LeCov: Multi-level Testing Criteria for Large Language Models
This work addresses the problem of ensuring trustworthiness in LLMs for developers and users, but it is incremental as it builds on existing testing methods by formalizing criteria.
The paper tackles the lack of systematic testing criteria for large language models (LLMs) by proposing LeCov, a set of multi-level criteria based on internal components like attention and uncertainty, which improves test prioritization and coverage-guided testing, as shown in experiments on three models and four datasets.

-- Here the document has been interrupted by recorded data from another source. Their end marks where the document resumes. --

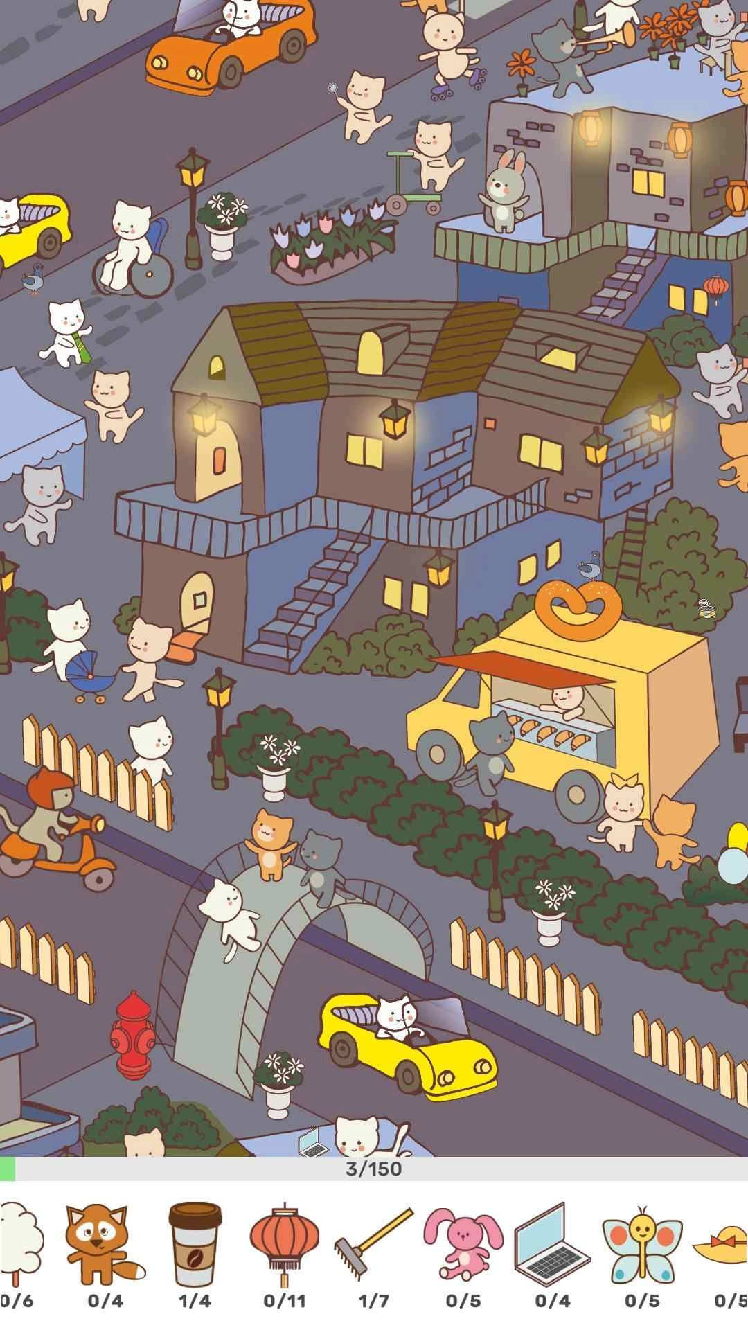 这是一款极具可玩性的休闲游戏。在游戏里,玩家要操控自己的角色,在一座遍布可爱猫咪的城市中搜寻各类物品。这是一项有趣的挑战,唯有通过细致的观察,才能找到所需物品,轻松收获满满的乐趣。可爱的卡通游戏画面搭配清新靓丽的设计风格,让玩家能尽情沉浸在游戏的欢乐之中。精美的艺术画面还能带来独特的视觉享受,更有众多趣味挑战等待体验,可千万别错过哦。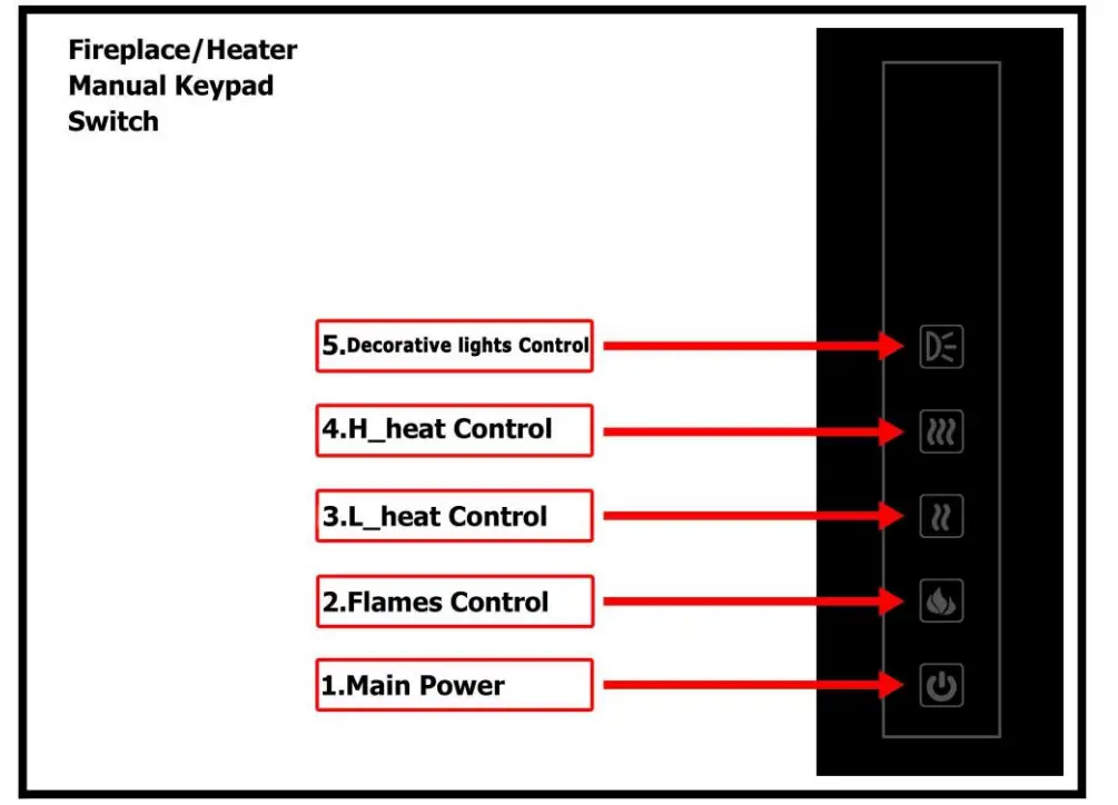 Pressing the next button (3) L heat Control, cycles the low heat ON and OFF, whilst the (4) H_heat Control button cycles the high heat On and OFF. The fuel bed lights will flash one time to indicate that the heat function is ON or OFF.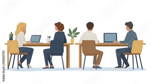 Flat vector of employees working with digital tools to enhance their skills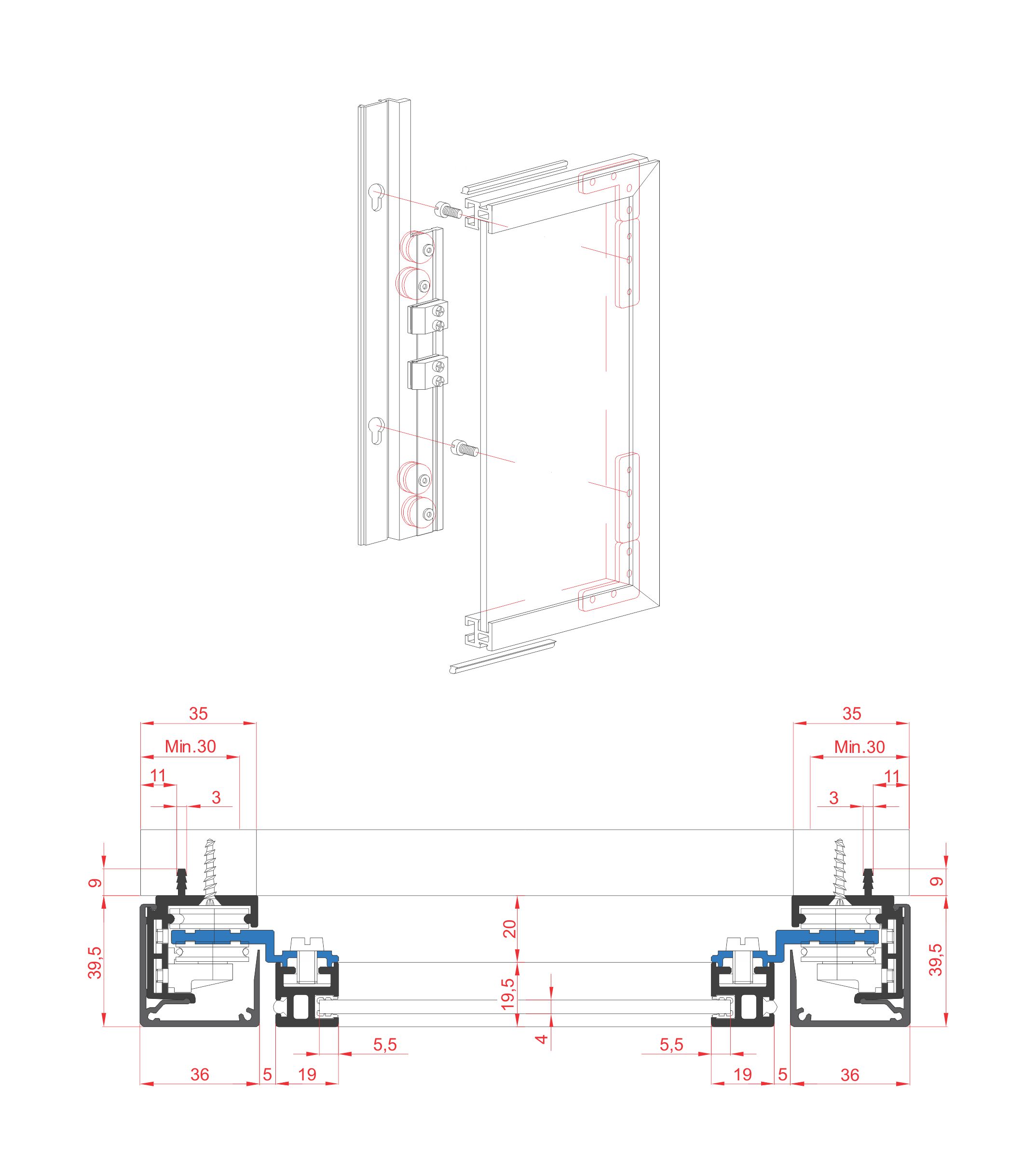 Diht guma-ram BETA 380/460 za izradu kliznih staklenih vrata sa vertikalnim otvaranjem i zatvaranjem.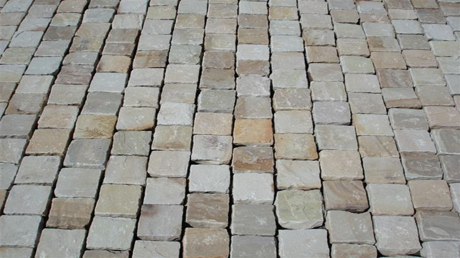 Farbe: Gelb Rötlich Gestein: Granit Bearbeitung: Gespalten 1 Tonne =  ca. 4,5 m2 1 Big Bag = 1 Tonne = ca. 400 Stk. 1 lfm. = ca. 10 Stk. Preis inkl. Big Bag + Befüllung und Einweg-Palette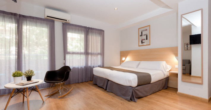 Modern rooms to rent for days near the City of Arts and Sciences, were inaugurated in February 2014. The rooms have a privileged position 100m from the City of Arts and Sciences and the old bed of the River Turia where can enjoy extensive gardens. It is the ideal starting point to start knowing Valencia, you are very well communicated to move to any point in the city by public transport or car. All rooms have outside windows and natural light, equipped with a sober decoration on natural textures and beautiful colors. |It also has a shared area with kitchen and dining room, free for all our customers. .Located just 100 m from the Ciudad de las Artes y las Ciencas, this hotel is the perfect base from which to enjoy the marvellous complex. The city centre and the beach are also just 5 minutes from the hotel. The hotel is particularly easy to find as guests can simply follow the signs to the Ciudad de las Artes y las Ciencas from wherever they are, including on all the motorways arriving in Valencia. Once guests are at the complex, they will find the hotel directly opposite the Palau de las Artes in Avenida Instituto Obrero 20..28 young artists decorated the 28 rooms of this hotel, creating spacious rooms that let the imagination run wild. Choose between sleeping on the bottom of a swimming pool, relaxing in a Buddhist temple, dreaming of the Thousand and One Nights in the Morroccan Riad or sleep surrounded by 101 lemurs. Many of the rooms have terraces which make them great spaces to relax in. There are rooms for all tastes and none will leave guests indifferent. Rooms have hairdryers and individually adjustable air conditioning and heating..MasterCard and VISA are accepted..There is a golf club 12 km away..Although the reception is open 24 hours, guests are requested to let the hotel know of their arrival time in advance. Guests may check-in from 2 pm and must check out by 11 am.Datorita dinamicitatii domeniului disponibilitatea ofertelor se modifica de la un moment la altul. De aceea ofertele sunt valabile in limita locurilor disponibile. Agentia nu este responsabila pentru eventualele neconcordante care pot aparea intre informatiile privind tarifele si alte detalii din site si informatiile primite in agentie. In aceste cazuri vor avea prioritate, intotdeauna, informatiile primite in agentie.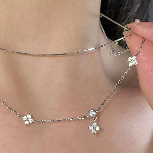 925 Sterling Silver Zircon Inlay Flower Pendant Necklace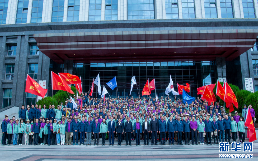 7月8日,來(lái)自北京200余家醫(yī)療單位的453位醫(yī)護(hù)人員和100余位愛(ài)心志愿者合影。新華網(wǎng) 旦增努布 攝
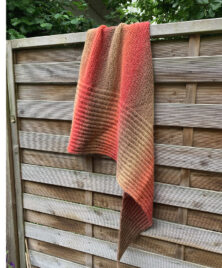 Mittlerweile ist es verschenkt und ich habe auch ein paar Fotos gemacht. Das Muster ist das gleiche, wie bei Leonis Tuch, nur diesmal in orange/braun.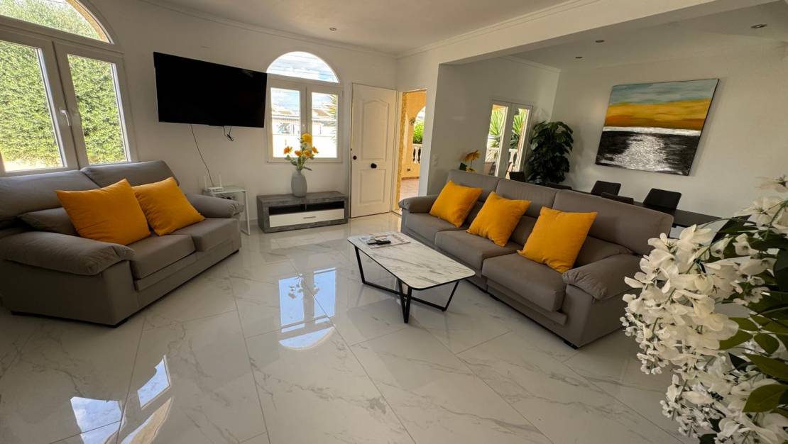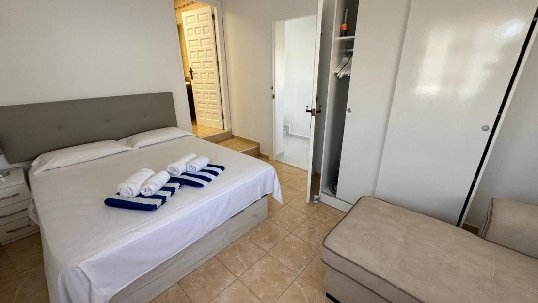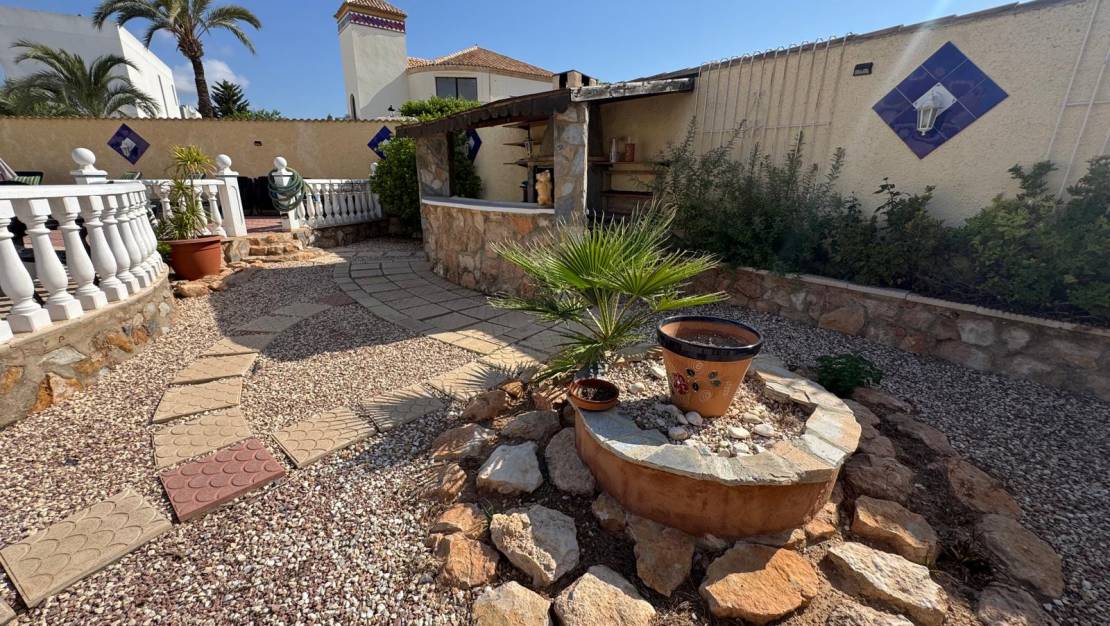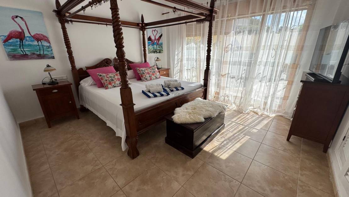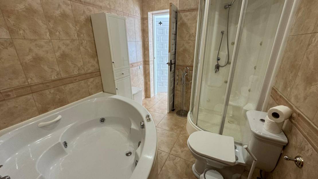 This large, inviting, light-filled villa in Mediterranean style offers plenty of space and 3 spacious bedrooms and 3 bathrooms, a fitted kitchen and many cosy nooks and crannies, making it ideal for large families. The quiet La Siesta is a residential area near the salt lakes of the Parque Natural de Torrevieja with its many animal species. One of the lakes is famous for its striking pink colour.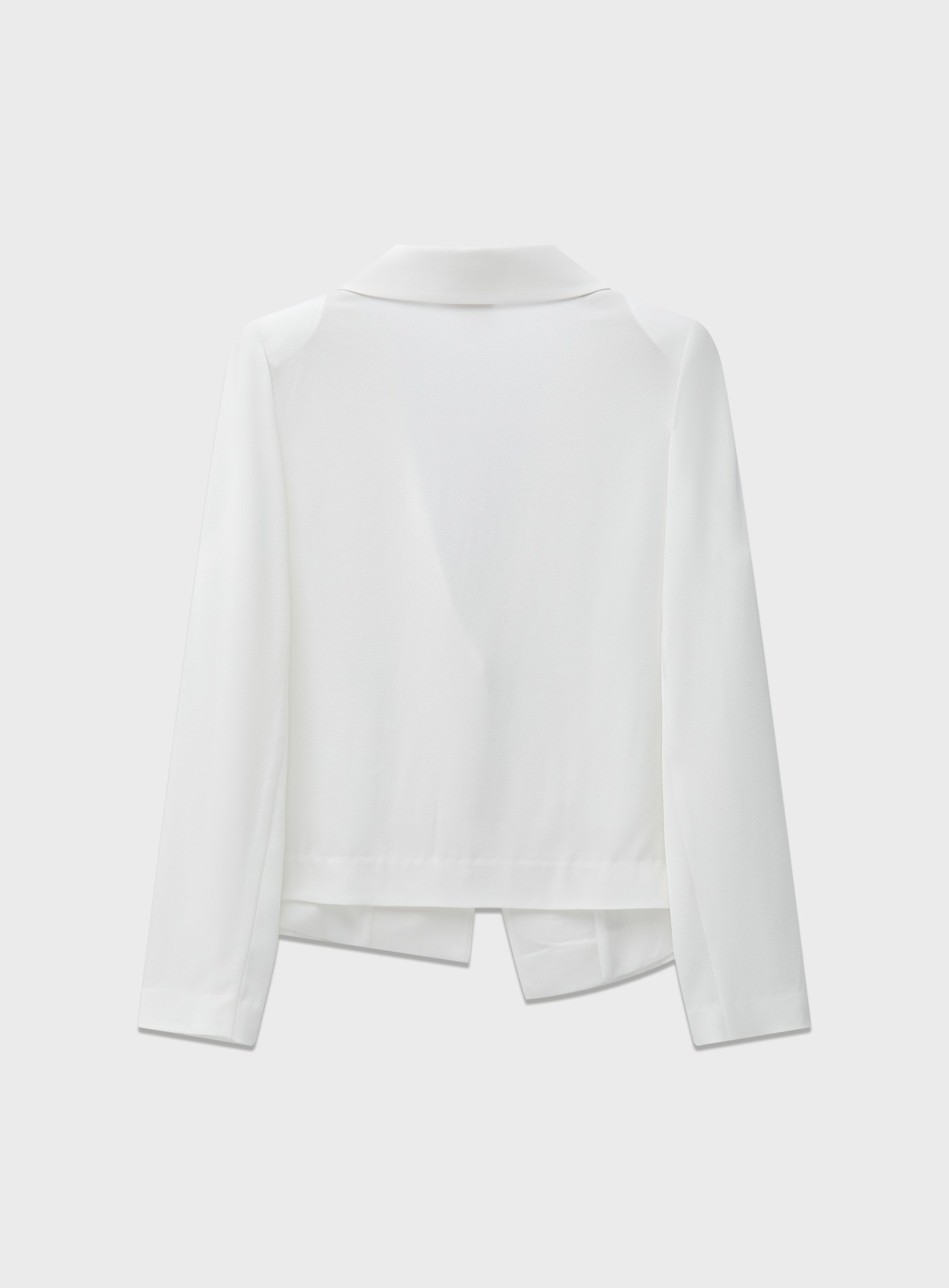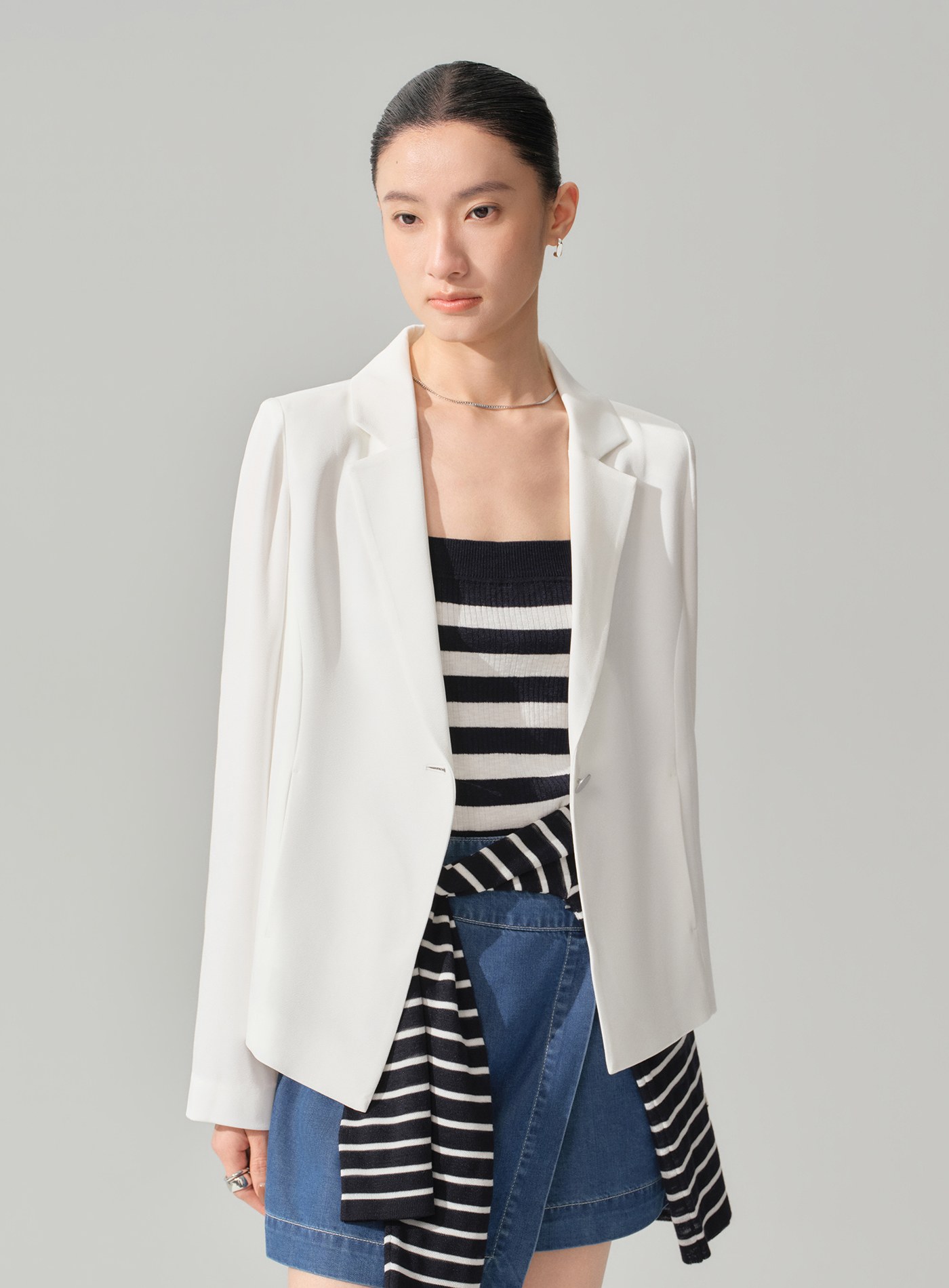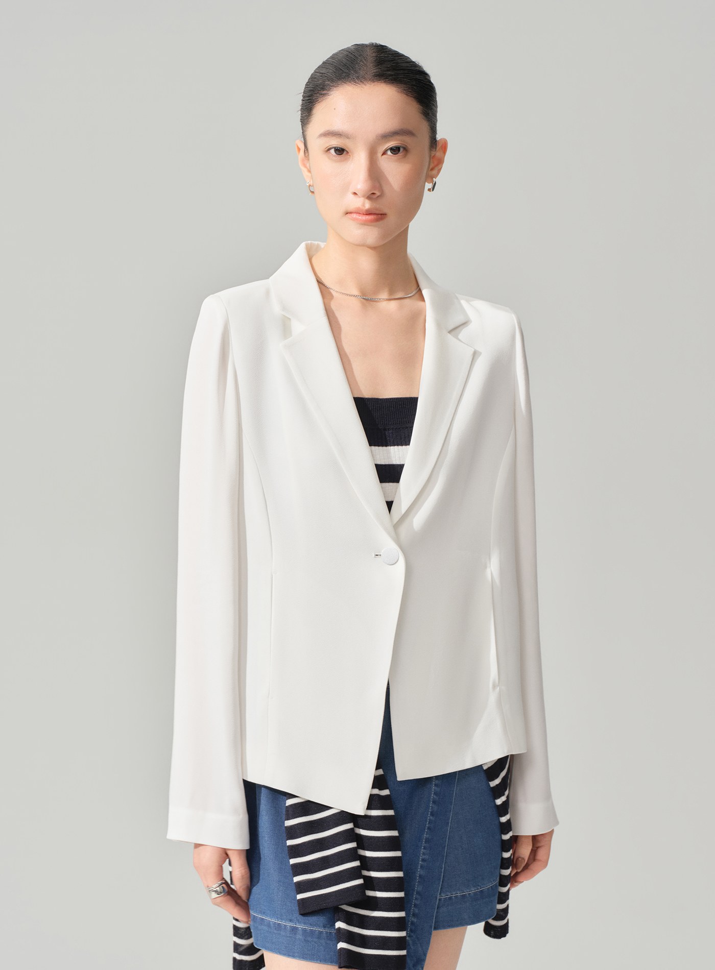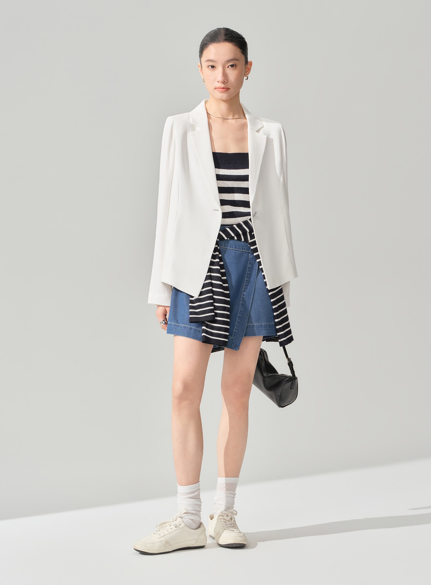 - 不對稱下擺設計打破常規輪廓,搭配一顆簡約銀色金屬扣,線條乾淨俐落,展現現代感

Large Language Models (LLMs) are widely used in many different domains, but because of their limited interpretability, there are questions about how trustworthy they are in various perspectives, e.g., truthfulness and toxicity. Recent research has started developing testing methods for LLMs, aiming to uncover untrustworthy issues, i.e., defects, before deployment. However, systematic and formalized testing criteria are lacking, which hinders a comprehensive assessment of the extent and adequacy of testing exploration. To mitigate this threat, we propose a set of multi-level testing criteria, LeCov, for LLMs. The criteria consider three crucial LLM internal components, i.e., the attention mechanism, feed-forward neurons, and uncertainty, and contain nine types of testing criteria in total. We apply the criteria in two scenarios: test prioritization and coverage-guided testing. The experiment evaluation, on three models and four datasets, demonstrates the usefulness and effectiveness of LeCov.